Figures 2 and 3 show that the ZSpec-2 DVExcell measurements change in a manner that is consistent with NETFLUID. They also indicate that BIS measurements taken on either the abdominal or leg segments can be used to "track" the NETFLUID changes during simulated hemorrhage and resuscitation.

As shown in Figures 10 and 11, only Vblood increases during infusion of Hespan and both Vblood and Vinstl increase during infusion of saline. This confirms that the ZSpec-2 can indeed differentiate between changes in the intravascular and interstitial compartments.

Our ZSpec-2 system permits, for the first time, noninvasive continuous recording and display of fluid volume redistribution between intracellular, interstitial and vascular fluids. There is a critical need for such an instrument as a bedside or operating room monitor in many situations. Here are just a couple examples:

In critically ill patients who are hypotensive, such as in septic shock, ICU physicians often give large amounts of fluids (as much as 10 or more liters a day) to maintain blood pressure and hemodynamic stability. Ideally, the replacement fluid should stay intravascular to raise blood pressure. Unfortunately, if this fluid moves into the interstitial space, this will lead to massive edema and if it goes into lung tissue, it leads to acute respiratory distress syndrome (ARDS), which is associated with high mortality. Treatment of this complication requires fluid removal by a hemodialysis procedure (“Continuous Veno-Venous Hemofiltration” or CVVH), which is simply removing fluid by ultrafiltration with a hemodialysis filter. Usually these patients require invasive monitoring such as intra-arterial placement of central venous catheters to measure wedge pressures, pulmonary arterial pressure, and cardiac output. We think that monitoring extent of interstitial and intracellular volume changes by noninvasive instrument would provide a better guide in fluid management in such patients.

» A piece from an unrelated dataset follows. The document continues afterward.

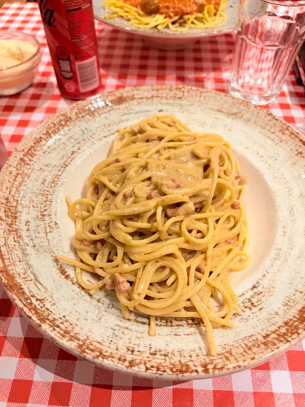 메뉴판을 펼치니 다양한 종류의 파스타가 눈길을 사로잡습니다. 미트볼 시칠리아, 까르보나라… 고민 끝에 Spagetti Crema Pancetta와 미트볼 시칠리아를 주문했습니다. 특히 Spagetti Crema Pancetta는 까르보나라와 비슷하지만 다른 레시피라고 설명되어 있어 더욱 기대감을 높였습니다.

The ZSpec-2 will also be useful for intravenous fluid management in the acute setting. The on-line monitoring of volume shifts between compartments is crucial particularly in critically ill patients (in septic or cardiogenic shock, burns patients, or perhaps critically patients in the Emergency Room or Operating Room). Such patients often require large volumes of fluid replacement, resulting in massive fluid overload with variable degrees of interstitial edema (or conceivably cell swelling?). Detection of fluid (water) shifts in the vascular, interstitial and cellular space in a non-invasive manner at the bedside, would be of tremendous help in managing such critically ill patients.